Ibnu Al-Mundzir berkata: “Para ahli ilmu bersepakat bahwa nafkah kedua orang tua yang fakir yang tidak memiliki penghasilan dan tidak memiliki harta adalah wajib atas harta anak.”

2) Anak-anak dan keturunannya ke bawah, berdasarkan firman Allah Ta’ala: Dan kewajiban ayah adalah memberi makan dan pakaian kepada para ibu dengan cara yang ma’ruf [Al-Baqarah: 233]. Dan karena anak seseorang adalah bagian darinya, maka sebagaimana wajib atasnya memberi nafkah untuk dirinya dan keluarganya, demikian pula wajib memberi nafkah untuk bagian darinya.

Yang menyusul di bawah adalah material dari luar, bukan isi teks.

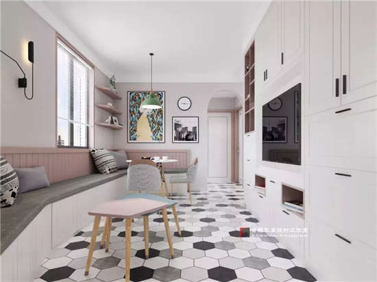 迎门的黑板墙记录生活中的点滴或全当装饰也未尝不可,将空间提纯,色彩过滤,用极简的线条弱化家具装饰的厚重,沉淀出北欧清新、明亮的家居氛围。地台完美的嵌入设计,提高层次,划分休闲空间。
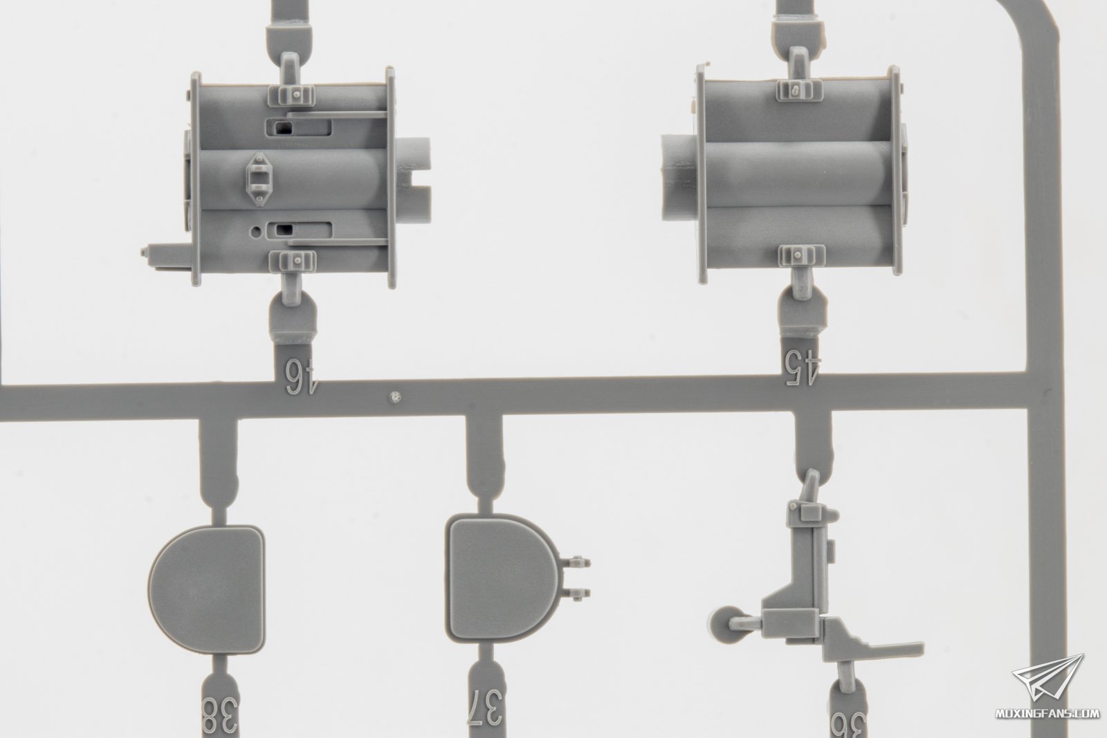 ▼ 指挥塔和火炮的细节。指挥塔采用一体式开出,侧面有合模线,火炮主体采用一体式开模。

Ibnu Al-Mundzir berkata: “Dan semua ahli ilmu yang kami hafal pendapatnya bersepakat bahwa wajib bagi seseorang memberi nafkah anak-anaknya yang kecil yang tidak memiliki harta.”

3) Setiap kerabat yang dia warisi dengan fardh atau ta’shib, seperti saudara laki-lakinya, saudara perempuannya, pamannya, bibinya, saudara laki-laki seibu, dan semacam itu, berdasarkan firman Allah Azza wa Jalla: Dan kewajiban ayah adalah memberi makan dan pakaian kepada para ibu dengan cara yang ma’ruf, kemudian Allah berfirman: Dan atas ahli waris seperti itu juga, maka Allah mewajibkan atas ayah nafkah menyusui, kemudian mewajibkan atas ahli waris seperti apa yang diwajibkan atas ayah.

Dan berdasarkan hadits Kulaib bin Manfa’ah dari kakeknya bahwa dia mendatangi Nabi shallallahu ‘alaihi wasallam dan berkata: “Ya Rasulullah, kepada siapa aku harus berbuat baik?” Beliau bersabda: “Ibumu, ayahmu, saudara perempuanmu, saudara laki-lakimu, dan majikanmu yang mengikuti itu adalah hak yang wajib dan tali kekerabatan yang harus disambung” [diriwayatkan oleh Abu Dawud]. Nabi shallallahu ‘alaihi wasallam mewajibkan atasnya berbuat baik dan menyambung silaturahmi, dan nafkah termasuk menyambung silaturahmi. Beliau menjadikannya sebagai hak yang wajib.

ب. Syarat-Syarat Nafkah atas Kerabat

Disyaratkan untuk wajibnya nafkah atas kerabat tiga syarat:

Syarat Pertama: Bahwa mereka fakir, tidak memiliki harta atau penghasilan yang mencukupi mereka dari nafkah orang lain. Jika mereka mampu dengan harta atau penghasilan yang mencukupi mereka, maka tidak ada nafkah bagi mereka, karena nafkah wajib sebagai bentuk kepedulian, sedangkan orang kaya memilikinya dan orang yang mampu berusaha tidak membutuhkannya.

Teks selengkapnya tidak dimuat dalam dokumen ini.